[Data items]
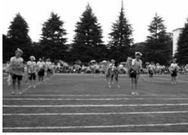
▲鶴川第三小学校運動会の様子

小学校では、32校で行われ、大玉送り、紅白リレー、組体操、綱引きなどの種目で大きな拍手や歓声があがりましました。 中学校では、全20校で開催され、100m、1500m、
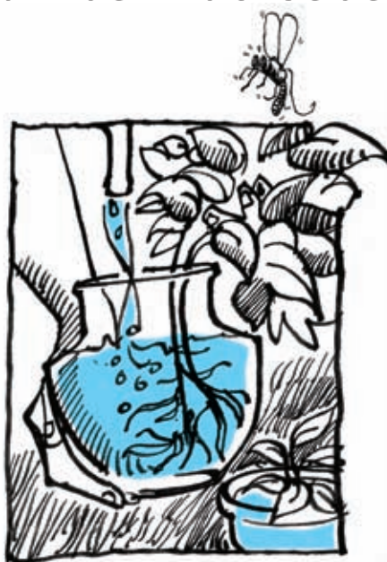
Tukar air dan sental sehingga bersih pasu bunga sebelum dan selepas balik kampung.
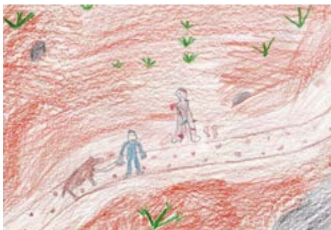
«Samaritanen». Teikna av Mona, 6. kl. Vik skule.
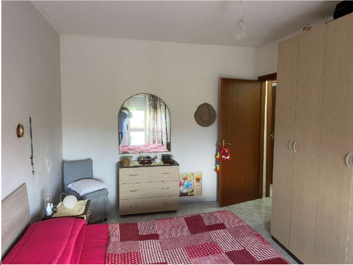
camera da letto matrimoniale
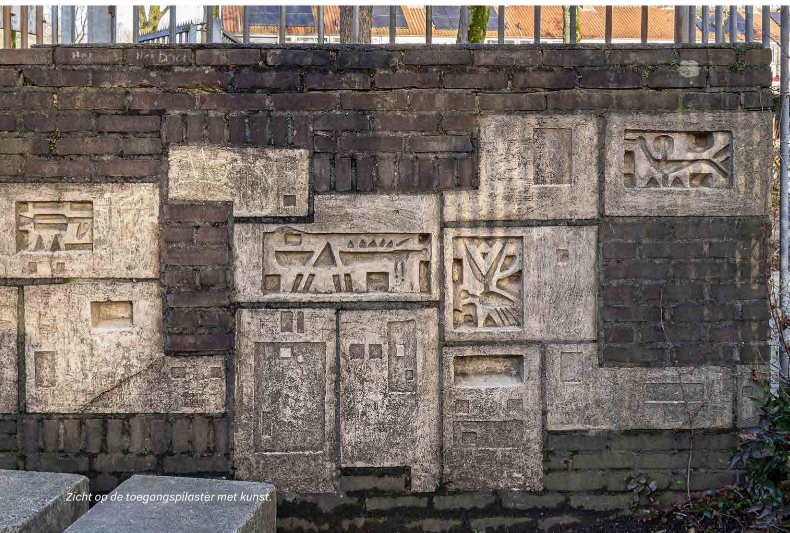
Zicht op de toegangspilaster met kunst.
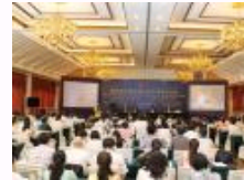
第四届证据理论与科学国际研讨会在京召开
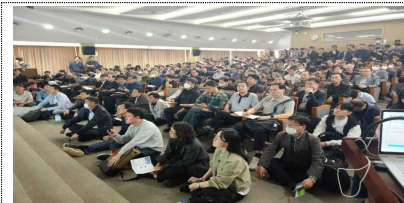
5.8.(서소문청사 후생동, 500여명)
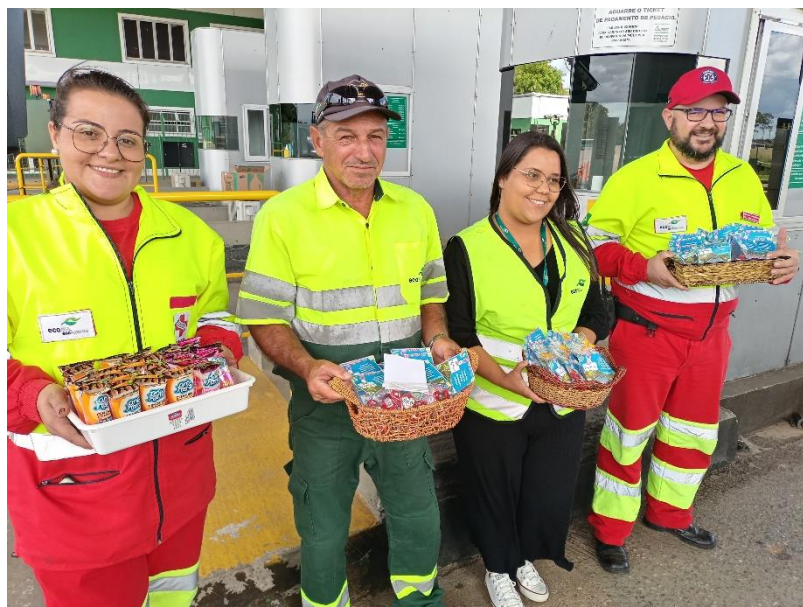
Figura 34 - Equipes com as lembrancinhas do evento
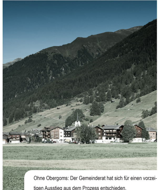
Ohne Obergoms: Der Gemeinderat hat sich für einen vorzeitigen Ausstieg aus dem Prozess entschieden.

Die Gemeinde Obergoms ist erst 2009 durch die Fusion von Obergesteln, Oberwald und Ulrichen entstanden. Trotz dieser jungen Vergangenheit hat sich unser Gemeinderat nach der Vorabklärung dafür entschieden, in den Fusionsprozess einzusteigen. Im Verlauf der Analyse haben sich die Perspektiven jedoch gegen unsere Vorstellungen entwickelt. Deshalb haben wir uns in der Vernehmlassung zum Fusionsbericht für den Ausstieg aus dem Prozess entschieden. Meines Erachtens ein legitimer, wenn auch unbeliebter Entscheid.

▸ WHAT IS NEEDED:
From the data above, pick out each line containing "sich" and copy it.

▸ ANSWER SPACE:
Ohne Obergoms: Der Gemeinderat hat sich für einen vorzeitigen Ausstieg aus dem Prozess entschieden.
Die Gemeinde Obergoms ist erst 2009 durch die Fusion von Obergesteln, Oberwald und Ulrichen entstanden. Trotz dieser jungen Vergangenheit hat sich unser Gemeinderat nach der Vorabklärung dafür entschieden, in den Fusionsprozess einzusteigen. Im Verlauf der Analyse haben sich die Perspektiven jedoch gegen unsere Vorstellungen entwickelt. Deshalb haben wir uns in der Vernehmlassung zum Fusionsbericht für den Ausstieg aus dem Prozess entschieden. Meines Erachtens ein legitimer, wenn auch unbeliebter Entscheid.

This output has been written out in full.